Traditional log-based detection often misses the subtle signals of these exploits, especially when attackers mimic legitimate behavior.
Breaking Down the AD Kill Chain and Unosecur’s ITDR Countermeasures
- DCSync & DCShadow Attacks
- The Threat - Adversaries impersonate domain controllers (DCSync) to replicate credentials or register rogue DCs (DCShadow) to inject malicious data.
- Why SIEM Fails - Logs are noisy and often alert after the replication has succeeded.
- Unosecur ITDR Response:
- Behavioral analytics baseline replication requests.
- Flags deviations in real time.
- Instantly blocks unauthorized replication without disrupting legitimate DCs.
- Kerberoasting: Exploiting Service Account Weaknesses
- The Threat - Attackers request service tickets and brute-force weak hashes offline.
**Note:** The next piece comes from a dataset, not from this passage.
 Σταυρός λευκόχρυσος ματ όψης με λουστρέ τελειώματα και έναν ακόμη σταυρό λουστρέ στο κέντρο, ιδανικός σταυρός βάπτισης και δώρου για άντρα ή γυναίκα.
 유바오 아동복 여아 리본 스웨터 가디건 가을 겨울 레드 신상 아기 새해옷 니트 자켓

- Why SIEM Fails - Alerts may note high ticket requests but lack context to block them.
- Unosecur ITDR Response:
- Detects unusual ticket request patterns with AI-driven models.
- Enforces strong password policies & rotations for service accounts.
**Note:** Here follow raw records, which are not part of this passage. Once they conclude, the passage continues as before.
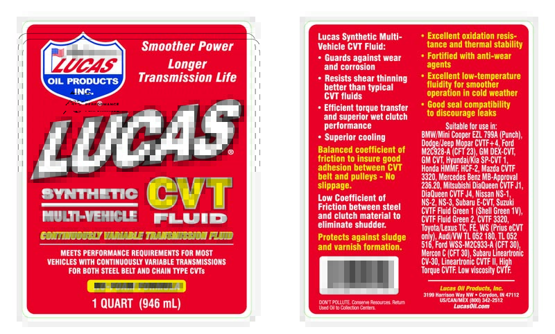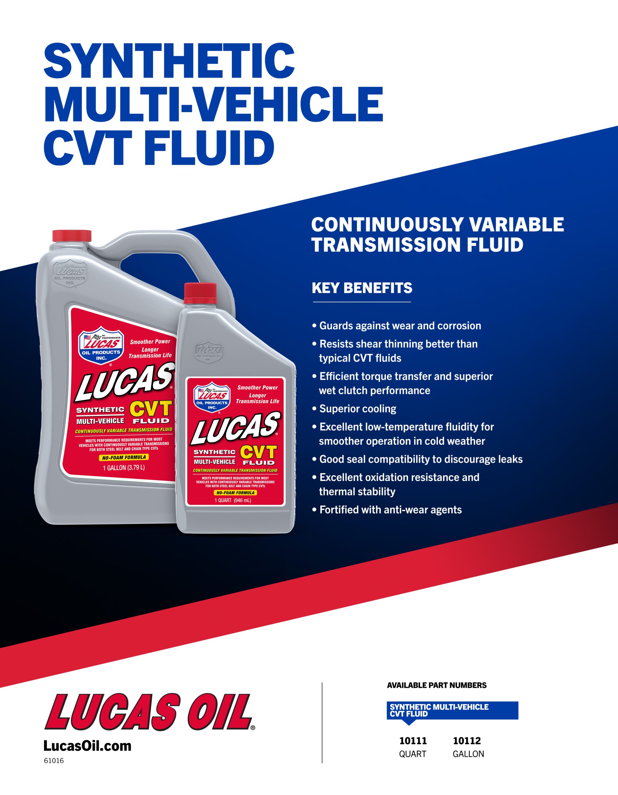 Lucas Synthetic Multi-Vehicle CVT Fluid нь ган бүсээр эсвэл гинжээр ажилладаг тасралтгүй хувьсах хурдны хайрцагтай суудлын автомашинд тусгайлан зориулагдсан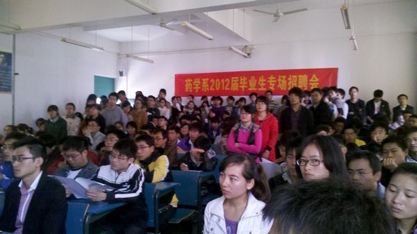 为了拓宽2012届毕业生就业渠道,为毕业生提供更多就业机会。2011年11月16日,药学系在1-401教室举办了江苏恒瑞医药股份有限公司专场招聘会。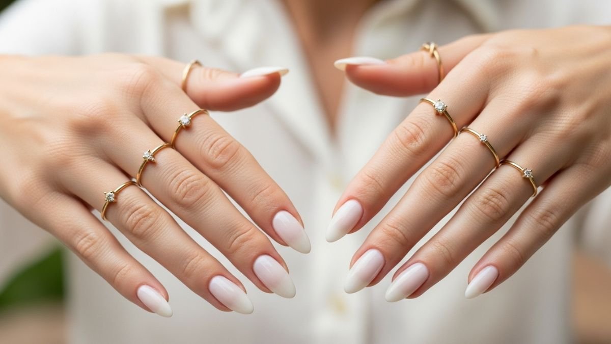 Milky white nails with gentle marbled patterns create an artistic effect. Combine with soft pink eyeliner and pearl-studded rings. Light nude lipstick keeps the focus on nails.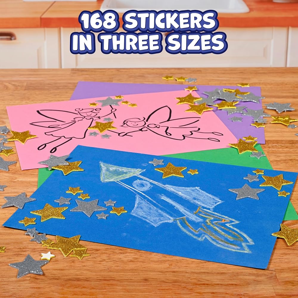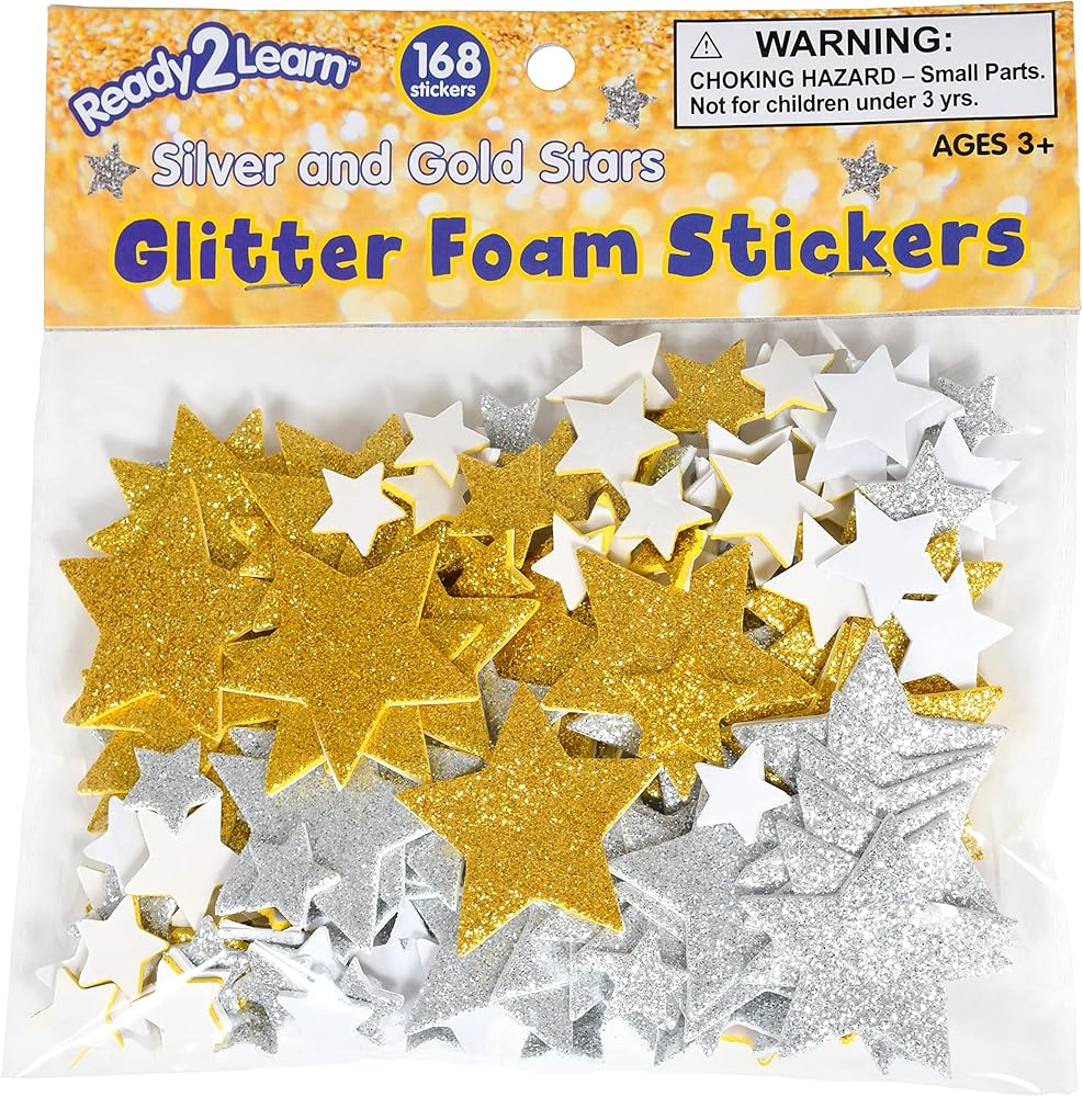 ملصقات رغوة لامعة READY 2 LEARN - نجوم فضية وذهبية - عبوة مكونة من 168 قطعة - ملصقات ذاتية اللصق - ملصقات لسجلات القصاصات والبطاقات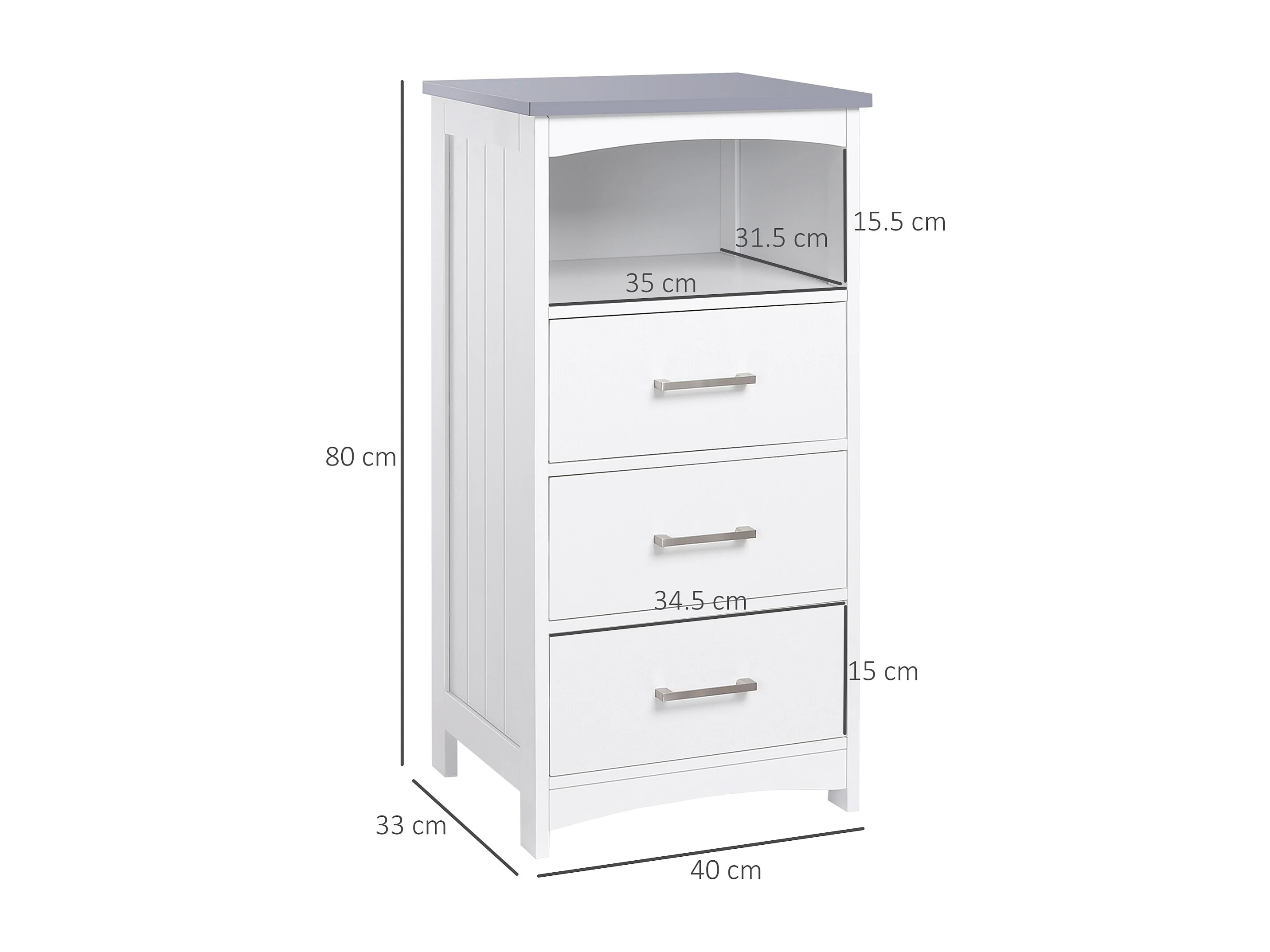 Mobiletto bagno con 3 cassetti e ripiano aperto in mdf bianco
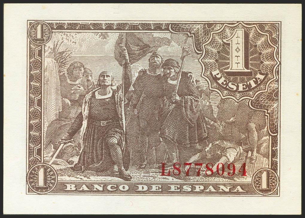 1 Peseta. 21 de Mayo de 1943. Serie L. (Edifil 2021: 447a). Apresto original. SC.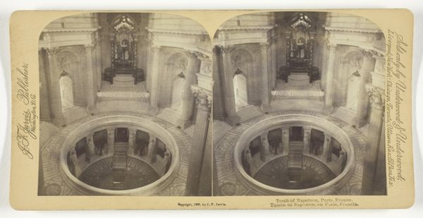 This stereoscopic card, by Henry Hamilton Bennett, captures a night scene of snow figures and the east front of an ice palace. The sepia tones and the stereoscopic format lend the scene a dreamlike quality. The composition is structured by the contrast between the solidity of the snow sculptures in the foreground and the ephemeral glow of the ice palace behind. The sculptures, arranged in rows, lead the eye towards the palace, creating depth and perspective. The use of light is particularly striking. The sculptures and palace are illuminated, emphasizing their forms and textures. The stereoscopic technique enhances the sense of depth, inviting the viewer to step into this winter wonderland. The photograph functions not merely as a record of an event but as a semiotic landscape, challenging our perceptions of space and reality.

- Immediately disables compromised accounts.
- Privilege Escalation via Over-Permissioned Accounts
- The Threat - Misconfigured ACLs and forgotten shadow accounts provide attackers with stealthy admin-level access.
- Why SIEM Fails - Periodic audits miss real-time permission changes.
- Unosecur ITDR Response:
- Continuous permission audits identify privilege creep instantly.
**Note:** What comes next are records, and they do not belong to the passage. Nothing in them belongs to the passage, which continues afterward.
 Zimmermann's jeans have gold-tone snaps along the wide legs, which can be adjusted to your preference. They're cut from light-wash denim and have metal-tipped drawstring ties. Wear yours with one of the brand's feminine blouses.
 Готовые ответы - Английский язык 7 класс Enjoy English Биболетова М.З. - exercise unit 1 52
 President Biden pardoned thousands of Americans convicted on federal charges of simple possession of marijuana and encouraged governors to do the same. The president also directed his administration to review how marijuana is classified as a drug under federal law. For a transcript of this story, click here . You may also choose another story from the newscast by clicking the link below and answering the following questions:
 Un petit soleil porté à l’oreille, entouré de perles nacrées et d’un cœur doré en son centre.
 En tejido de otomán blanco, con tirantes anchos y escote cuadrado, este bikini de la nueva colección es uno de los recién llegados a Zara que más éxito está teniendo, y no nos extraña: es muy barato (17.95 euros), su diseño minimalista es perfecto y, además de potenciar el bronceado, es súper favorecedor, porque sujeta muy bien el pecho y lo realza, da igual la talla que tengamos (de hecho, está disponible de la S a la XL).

- Just-in-Time (JIT) privilege elevation reduces standing exposure.
- Automated remediation revokes unnecessary rights in seconds.
Case Study: What Could Have Been Prevented
In mid-2024, the RansomHub ransomware group compromised a multinational by chaining two AD exploits:
- CVE-2021-42278 (noPac) – impersonated a domain controller.
- CVE-2020-1472 (Zerologon) – reset the DC’s machine password.
The attackers achieved Domain Admin rights within hours, encrypted systems, and exfiltrated data.
Traditional defenses failed because they only logged events after the fact.
Unosecur’s ITDR could have:
- Flagged abnormal DC impersonation.
- Blocked suspicious Kerberos ticket anomalies.
- Revoked compromised credentials in real time, potentially stopping the ransomware blast radius.
Why ITDR Is a Must-Have for AD Security
- Proactive vs Reactive – Detects subtle identity abuse before it escalates.
- Automated Response – Blocks, rotates, and isolates without waiting for manual triage.
- Tailored for AD – Continuously adapts to evolving AD attack vectors.
- Compliance-Ready – Provides audit trails and governance visibility for regulatory mandates.
Conclusion: Identity-Centric Defense for the Modern Enterprise
Attackers no longer “hack in”, they log in with compromised identities. Active Directory remains the ultimate prize, and traditional security tools alone cannot defend it.
Unosecur’s ITDR platform provides the missing identity-centric layer of defense:
- Real-time monitoring of AD activity.
- Automated remediation for credential-based exploits.
- Continuous visibility into privilege changes and replication behaviors.
For CISOs, security engineers, and IT leaders, ITDR is no longer optional. It is the front line of defense against the identity-based attacks that fuel modern breaches.